■ **How to complete this task**
Give back the full listing exactly, setting the pictures aside.
BEGIN Collected data
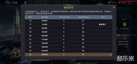 领地内有着20+建筑,主堡升级的前置建筑却不足10个。我们在前期,可优先考虑先升级升级主堡前置建筑城墙、兵营等(通常这些建筑为领地核心建筑),可一定程度上加速主堡的升级,强化实力的提升。
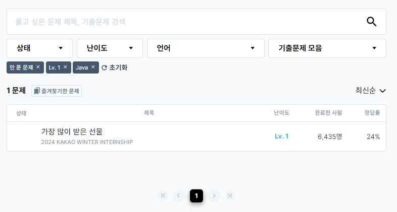 프로그래머스는 백준처럼 코딩테스트 연습을 위한 문제들이 레벨별로 정리되어 있다.
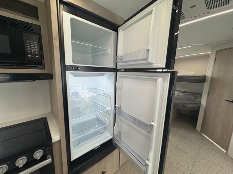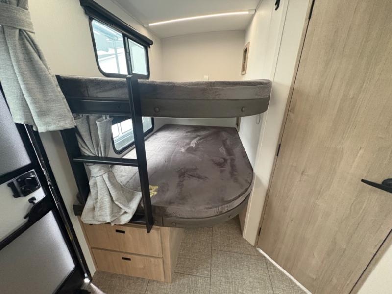 Where will you go with this Imagine travel trailer? The possibilities are endless! You can take your family on an exciting excursion because this trailer has enough sleeping space for everyone with a 60" x 80" queen bed in the private bedroom, a U-shaped dinette and tri-fold sofa in the main living area, and there is a set of 47" x 76" bunk beds with privacy curtains in the rear corner. You can come and go as you please with two entry doors, and the outdoor griddle and refrigerator will be fun to use when the weather is nice. The flip-up countertop extension will make it easier to prepare delicious home cooked meals and the shoe storage area helps to keep things neat and tidy.
END Collected data
■ **Answer for the task**
 领地内有着20+建筑,主堡升级的前置建筑却不足10个。我们在前期,可优先考虑先升级升级主堡前置建筑城墙、兵营等(通常这些建筑为领地核心建筑),可一定程度上加速主堡的升级,强化实力的提升。
 프로그래머스는 백준처럼 코딩테스트 연습을 위한 문제들이 레벨별로 정리되어 있다.
 Where will you go with this Imagine travel trailer? The possibilities are endless! You can take your family on an exciting excursion because this trailer has enough sleeping space for everyone with a 60" x 80" queen bed in the private bedroom, a U-shaped dinette and tri-fold sofa in the main living area, and there is a set of 47" x 76" bunk beds with privacy curtains in the rear corner. You can come and go as you please with two entry doors, and the outdoor griddle and refrigerator will be fun to use when the weather is nice. The flip-up countertop extension will make it easier to prepare delicious home cooked meals and the shoe storage area helps to keep things neat and tidy.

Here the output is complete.